In the current experiment, we examined five causal system categories (see Fig. 1). The first is a common effect structure, a causal structure in which many factors influence one effect. The level of CO2 in the atmosphere is a product of fossil fuel burning, plant photosynthesis, and CO2 absorption in oceans. Heart disease is caused by genetics, smoking, high blood cholesterol, high blood pressure, and obesity. A common cause structure is one in which a single cause has multiple effects. For example, an allergic reaction can cause multiple effects, including inflammation, rash, asthmatic reactions, and sneezing. Another example, from economics, is that the unemployment rate has causal effects on a number of phenomena, including the crime rate, suicide rate, general health conditions, and GDP.

Figure 1.

 Matrix of materials used in the study (5 causal categories × 5 domains). Cells with gray backgrounds designate the phenomena that served as seed cards.

The third causal structure, defined above, is a positive feedback structure—often described as a “vicious cycle.” In a positive feedback structure, the output is “fed back” in such a way as to magnify the input. This in turn produces a greater output, resulting in a cycle of increasing magnitude of effect. For example, increased global temperatures cause polar ice to melt. Whereas ice reflects sunlight well, water absorbs more sunlight, which means that the earth warms faster. This in turn causes more polar ice to melt. Economic bubbles work in a similar way. People buy stocks or property because they assume the prices will increase. The buying itself causes the prices to increase, which causes yet more buying, and so on. Negative feedback is a causal structure in which the output of the structure is fed back in such a way as to reduce the input. If the input is increased, the resulting output will also increase, and this will act to reduce the subsequent input. This results in a cycle that stabilizes the system. For example, in the domain of biology, humans regulate temperature by perspiring when they are too warm.

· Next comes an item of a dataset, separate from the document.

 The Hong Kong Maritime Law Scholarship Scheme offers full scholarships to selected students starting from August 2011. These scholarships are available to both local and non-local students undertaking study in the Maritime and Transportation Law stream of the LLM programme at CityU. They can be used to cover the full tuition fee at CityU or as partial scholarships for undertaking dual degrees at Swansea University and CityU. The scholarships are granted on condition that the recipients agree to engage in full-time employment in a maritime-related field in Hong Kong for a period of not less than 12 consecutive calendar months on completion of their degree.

When the body has cooled enough, it stops perspiring. Similarly, in the domain of economics, the Federal Reserve regulates the economy by raising, lowering, or keeping constant the interest rate. If the economy is slow, the FED will lower interest rates to stimulate borrowing and economic activity. If the economy is growing too fast, the FED will raise interest rates to encourage saving.

The last structure is a causal chain—a structure wherein an event A influences an event B, which in turn influences C, etc. The chain can be of any length; the sequential nature is the chain’s defining characteristic. For example, we can understand the way petroleum prices affect the price of consumer goods as a causal chain: the price of gas affects the price of transportation of goods, which affects the price of goods sold in stores. Another example of a causal chain, from neurobiology, is that synaptic transmission requires a series of steps, including an action potential, release of neurotransmitter, and binding on the postsynaptic neuron.

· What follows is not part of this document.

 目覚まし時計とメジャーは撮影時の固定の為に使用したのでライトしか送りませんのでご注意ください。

Our interest here is in whether people organize their knowledge of causal phenomena according to these kinds of causal categories. To investigate this, we set up a design in which people could sort phenomena such as those described above either by domain content or by causal category. We created 25 descriptions of phenomena, organized into a 5 × 5 matrix defined by crossing the five causal categories just described with five content domains: biology, environmental science, economics, electrical engineering, and mechanical engineering (Fig. 1; see online supplement for full stimuli). Then we asked college students to sort the phenomena into categories, as described below. Our questions are (1) whether people will chose to sort by domain or by causal structure; and (2) whether their preferred organization will be influenced by expertise.

The participants were drawn from four populations of Northwestern University students differing in their expertise in physical science. Three groups were students majoring in different social sciences: economics, sociology, and psychology. The fourth group was made up of students majoring in the physical sciences, primarily physics majors and students in the Integrated Science Program. Many of the physical science students, particularly those in the Integrated Science Program, had been trained in multiple sciences. Thus, in addition to broader knowledge of the physical sciences, they had another possible advantage: Their course work in different physical sciences could have encouraged them to compare and abstract across domains.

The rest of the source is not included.